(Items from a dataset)
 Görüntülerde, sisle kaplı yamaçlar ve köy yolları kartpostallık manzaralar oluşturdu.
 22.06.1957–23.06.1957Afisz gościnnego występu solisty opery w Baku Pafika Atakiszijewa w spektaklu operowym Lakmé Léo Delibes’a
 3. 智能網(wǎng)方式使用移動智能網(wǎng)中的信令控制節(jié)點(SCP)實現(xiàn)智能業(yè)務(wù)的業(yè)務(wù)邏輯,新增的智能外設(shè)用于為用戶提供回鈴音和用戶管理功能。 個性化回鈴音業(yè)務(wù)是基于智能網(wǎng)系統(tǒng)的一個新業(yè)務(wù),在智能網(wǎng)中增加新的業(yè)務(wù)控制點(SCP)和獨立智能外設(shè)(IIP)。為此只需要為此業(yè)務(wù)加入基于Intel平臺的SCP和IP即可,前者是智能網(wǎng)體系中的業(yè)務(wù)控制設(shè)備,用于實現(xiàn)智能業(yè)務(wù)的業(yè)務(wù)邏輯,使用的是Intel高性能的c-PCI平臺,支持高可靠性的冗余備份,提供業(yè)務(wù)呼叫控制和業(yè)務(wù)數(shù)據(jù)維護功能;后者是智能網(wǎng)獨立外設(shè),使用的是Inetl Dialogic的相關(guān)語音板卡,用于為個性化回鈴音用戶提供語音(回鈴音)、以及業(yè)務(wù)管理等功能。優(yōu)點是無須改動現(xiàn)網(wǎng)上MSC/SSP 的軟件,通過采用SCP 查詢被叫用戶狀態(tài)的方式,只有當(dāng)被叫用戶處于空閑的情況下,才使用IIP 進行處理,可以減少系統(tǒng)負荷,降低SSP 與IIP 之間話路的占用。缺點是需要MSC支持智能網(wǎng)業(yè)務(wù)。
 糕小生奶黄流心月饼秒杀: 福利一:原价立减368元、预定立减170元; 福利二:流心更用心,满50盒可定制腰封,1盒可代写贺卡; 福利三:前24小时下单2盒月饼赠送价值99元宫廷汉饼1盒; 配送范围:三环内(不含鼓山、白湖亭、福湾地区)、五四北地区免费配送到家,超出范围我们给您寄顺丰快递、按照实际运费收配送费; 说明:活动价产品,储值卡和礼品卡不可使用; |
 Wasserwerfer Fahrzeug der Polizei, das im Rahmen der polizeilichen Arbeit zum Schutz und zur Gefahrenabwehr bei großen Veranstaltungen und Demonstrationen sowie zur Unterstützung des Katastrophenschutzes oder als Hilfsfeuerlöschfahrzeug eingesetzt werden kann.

---

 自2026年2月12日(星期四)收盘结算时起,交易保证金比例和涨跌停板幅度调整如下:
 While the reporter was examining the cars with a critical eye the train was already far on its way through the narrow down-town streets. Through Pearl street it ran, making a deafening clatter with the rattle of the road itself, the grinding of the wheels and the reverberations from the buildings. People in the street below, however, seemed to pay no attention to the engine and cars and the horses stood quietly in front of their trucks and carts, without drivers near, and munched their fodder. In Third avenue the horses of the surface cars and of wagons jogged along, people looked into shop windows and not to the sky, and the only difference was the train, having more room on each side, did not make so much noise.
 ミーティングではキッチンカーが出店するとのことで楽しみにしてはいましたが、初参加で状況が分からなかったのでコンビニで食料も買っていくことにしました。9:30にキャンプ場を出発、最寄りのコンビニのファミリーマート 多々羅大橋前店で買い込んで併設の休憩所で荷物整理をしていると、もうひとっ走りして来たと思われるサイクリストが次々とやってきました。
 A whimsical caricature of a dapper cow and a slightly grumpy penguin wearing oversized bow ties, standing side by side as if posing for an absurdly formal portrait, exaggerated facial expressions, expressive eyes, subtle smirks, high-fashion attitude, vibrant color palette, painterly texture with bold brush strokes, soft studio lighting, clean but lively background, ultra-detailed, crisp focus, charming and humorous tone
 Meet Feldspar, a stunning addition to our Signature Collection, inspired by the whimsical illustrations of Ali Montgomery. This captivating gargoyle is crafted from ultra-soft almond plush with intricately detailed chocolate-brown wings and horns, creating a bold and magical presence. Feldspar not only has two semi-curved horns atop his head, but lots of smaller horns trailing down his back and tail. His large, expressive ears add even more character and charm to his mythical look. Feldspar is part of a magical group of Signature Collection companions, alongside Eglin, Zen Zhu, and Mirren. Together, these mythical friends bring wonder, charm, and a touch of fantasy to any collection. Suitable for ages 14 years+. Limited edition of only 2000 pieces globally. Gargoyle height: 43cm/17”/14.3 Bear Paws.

WHAT IS NEEDED
The exercise is to copy out every line above that has the word "expressive" in it.

RESPONSE BOX
 A whimsical caricature of a dapper cow and a slightly grumpy penguin wearing oversized bow ties, standing side by side as if posing for an absurdly formal portrait, exaggerated facial expressions, expressive eyes, subtle smirks, high-fashion attitude, vibrant color palette, painterly texture with bold brush strokes, soft studio lighting, clean but lively background, ultra-detailed, crisp focus, charming and humorous tone
 Meet Feldspar, a stunning addition to our Signature Collection, inspired by the whimsical illustrations of Ali Montgomery. This captivating gargoyle is crafted from ultra-soft almond plush with intricately detailed chocolate-brown wings and horns, creating a bold and magical presence. Feldspar not only has two semi-curved horns atop his head, but lots of smaller horns trailing down his back and tail. His large, expressive ears add even more character and charm to his mythical look. Feldspar is part of a magical group of Signature Collection companions, alongside Eglin, Zen Zhu, and Mirren. Together, these mythical friends bring wonder, charm, and a touch of fantasy to any collection. Suitable for ages 14 years+. Limited edition of only 2000 pieces globally. Gargoyle height: 43cm/17”/14.3 Bear Paws.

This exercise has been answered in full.